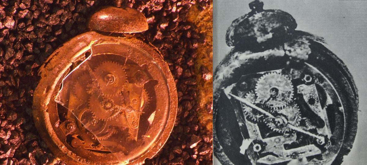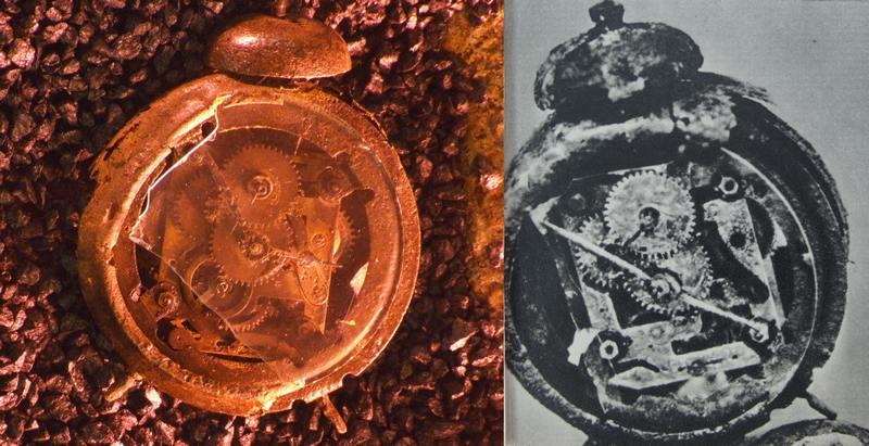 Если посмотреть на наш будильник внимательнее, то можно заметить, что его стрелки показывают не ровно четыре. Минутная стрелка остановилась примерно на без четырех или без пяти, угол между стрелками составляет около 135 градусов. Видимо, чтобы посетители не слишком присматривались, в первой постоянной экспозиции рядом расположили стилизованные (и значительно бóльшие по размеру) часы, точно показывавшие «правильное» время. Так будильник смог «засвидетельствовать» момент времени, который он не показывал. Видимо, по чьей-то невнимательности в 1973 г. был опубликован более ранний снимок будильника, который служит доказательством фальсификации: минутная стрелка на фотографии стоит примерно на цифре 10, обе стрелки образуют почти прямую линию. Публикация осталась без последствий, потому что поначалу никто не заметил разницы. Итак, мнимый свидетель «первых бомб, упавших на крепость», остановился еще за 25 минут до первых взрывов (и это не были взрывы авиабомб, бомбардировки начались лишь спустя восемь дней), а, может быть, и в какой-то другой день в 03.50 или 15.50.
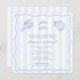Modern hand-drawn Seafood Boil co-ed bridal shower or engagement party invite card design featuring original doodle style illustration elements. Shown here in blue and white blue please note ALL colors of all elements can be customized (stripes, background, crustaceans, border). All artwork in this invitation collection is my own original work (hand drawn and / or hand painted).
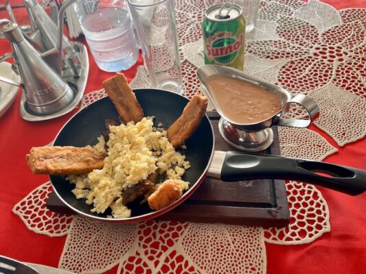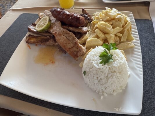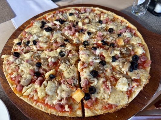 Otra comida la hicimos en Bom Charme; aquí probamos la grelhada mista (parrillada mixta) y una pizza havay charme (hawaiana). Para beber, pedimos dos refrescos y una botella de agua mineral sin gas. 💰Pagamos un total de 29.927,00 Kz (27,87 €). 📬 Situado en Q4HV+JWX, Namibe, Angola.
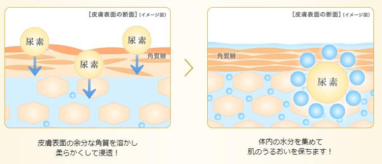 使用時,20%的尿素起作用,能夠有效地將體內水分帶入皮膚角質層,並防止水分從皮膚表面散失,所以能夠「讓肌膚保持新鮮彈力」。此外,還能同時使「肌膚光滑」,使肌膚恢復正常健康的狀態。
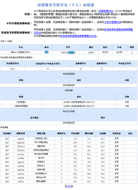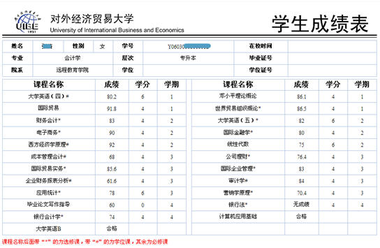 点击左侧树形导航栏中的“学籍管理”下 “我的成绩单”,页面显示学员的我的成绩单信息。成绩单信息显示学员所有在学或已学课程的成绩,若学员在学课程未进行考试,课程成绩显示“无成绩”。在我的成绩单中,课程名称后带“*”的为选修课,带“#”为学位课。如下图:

═══

▶ **Your task**:
An exact copy is required of the lines from the start of the records above through the line with "使用時,20%的尿素起作用,能夠有效地將", and only those, without any pictures.

▶ **Problem solution**:
 Если посмотреть на наш будильник внимательнее, то можно заметить, что его стрелки показывают не ровно четыре. Минутная стрелка остановилась примерно на без четырех или без пяти, угол между стрелками составляет около 135 градусов. Видимо, чтобы посетители не слишком присматривались, в первой постоянной экспозиции рядом расположили стилизованные (и значительно бóльшие по размеру) часы, точно показывавшие «правильное» время. Так будильник смог «засвидетельствовать» момент времени, который он не показывал. Видимо, по чьей-то невнимательности в 1973 г. был опубликован более ранний снимок будильника, который служит доказательством фальсификации: минутная стрелка на фотографии стоит примерно на цифре 10, обе стрелки образуют почти прямую линию. Публикация осталась без последствий, потому что поначалу никто не заметил разницы. Итак, мнимый свидетель «первых бомб, упавших на крепость», остановился еще за 25 минут до первых взрывов (и это не были взрывы авиабомб, бомбардировки начались лишь спустя восемь дней), а, может быть, и в какой-то другой день в 03.50 или 15.50.
Modern hand-drawn Seafood Boil co-ed bridal shower or engagement party invite card design featuring original doodle style illustration elements. Shown here in blue and white blue please note ALL colors of all elements can be customized (stripes, background, crustaceans, border). All artwork in this invitation collection is my own original work (hand drawn and / or hand painted).
 Otra comida la hicimos en Bom Charme; aquí probamos la grelhada mista (parrillada mixta) y una pizza havay charme (hawaiana). Para beber, pedimos dos refrescos y una botella de agua mineral sin gas. 💰Pagamos un total de 29.927,00 Kz (27,87 €). 📬 Situado en Q4HV+JWX, Namibe, Angola.
 使用時,20%的尿素起作用,能夠有效地將體內水分帶入皮膚角質層,並防止水分從皮膚表面散失,所以能夠「讓肌膚保持新鮮彈力」。此外,還能同時使「肌膚光滑」,使肌膚恢復正常健康的狀態。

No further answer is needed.